═════ SUPPLIED MATERIAL

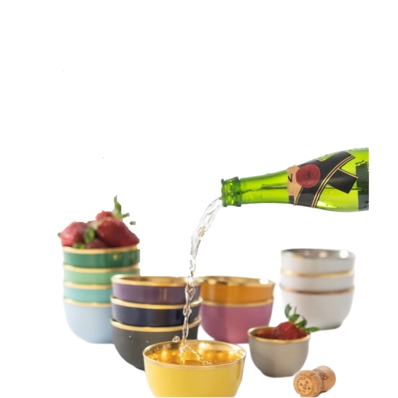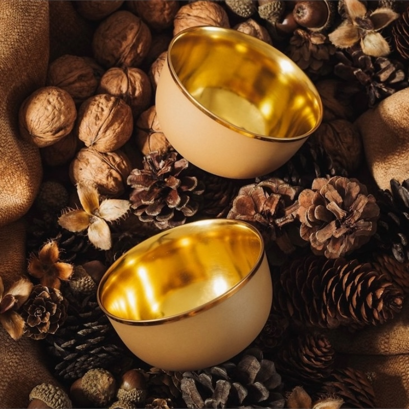 De fragiele champagnebowl is een must voor elke liefhebber van uitstekende mousserende wijnen en verfijnd design. Als symbool van extravagante smaak imponeert het gepolijste gouden decor niet alleen door zijn elegante uitstraling, maar benadrukt het ook de glans van de kommen. Augarten gebruikt hiervoor goud van de hoogste kwaliteit; de drankjes blijven heerlijk koel en de vorm van de champagnekom biedt een geheel nieuwe, sensuele drinkervaring.
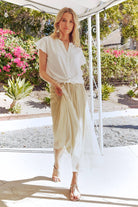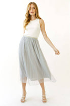 Float through your day in effortless elegance with the Champagne Daydream Pleated Tulle Midi Skirt. Designed with layers of soft, airy tulle, this skirt features delicate pleating that creates beautiful movement with every step. The comfortable elastic waistband offers an easy pull-on fit, while the fully lined interior ensures confident, worry-free wear.
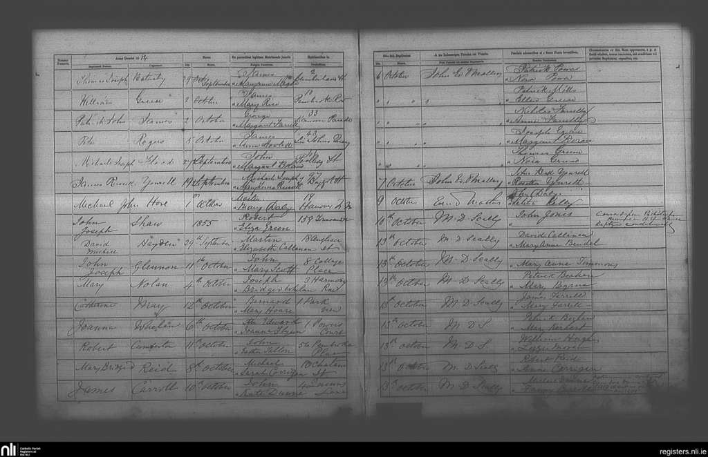 St. Andrew's, Dublin city; County of Dublin; Archdiocese of Dublin. Baptisms, Oct. 1884

══════════

EXERCISE DETAILS: Only the words belong in your copy: restate the data above exactly and leave the images out.

RESPONSE AREA:
 De fragiele champagnebowl is een must voor elke liefhebber van uitstekende mousserende wijnen en verfijnd design. Als symbool van extravagante smaak imponeert het gepolijste gouden decor niet alleen door zijn elegante uitstraling, maar benadrukt het ook de glans van de kommen. Augarten gebruikt hiervoor goud van de hoogste kwaliteit; de drankjes blijven heerlijk koel en de vorm van de champagnekom biedt een geheel nieuwe, sensuele drinkervaring.
 Float through your day in effortless elegance with the Champagne Daydream Pleated Tulle Midi Skirt. Designed with layers of soft, airy tulle, this skirt features delicate pleating that creates beautiful movement with every step. The comfortable elastic waistband offers an easy pull-on fit, while the fully lined interior ensures confident, worry-free wear.
 St. Andrew's, Dublin city; County of Dublin; Archdiocese of Dublin. Baptisms, Oct. 1884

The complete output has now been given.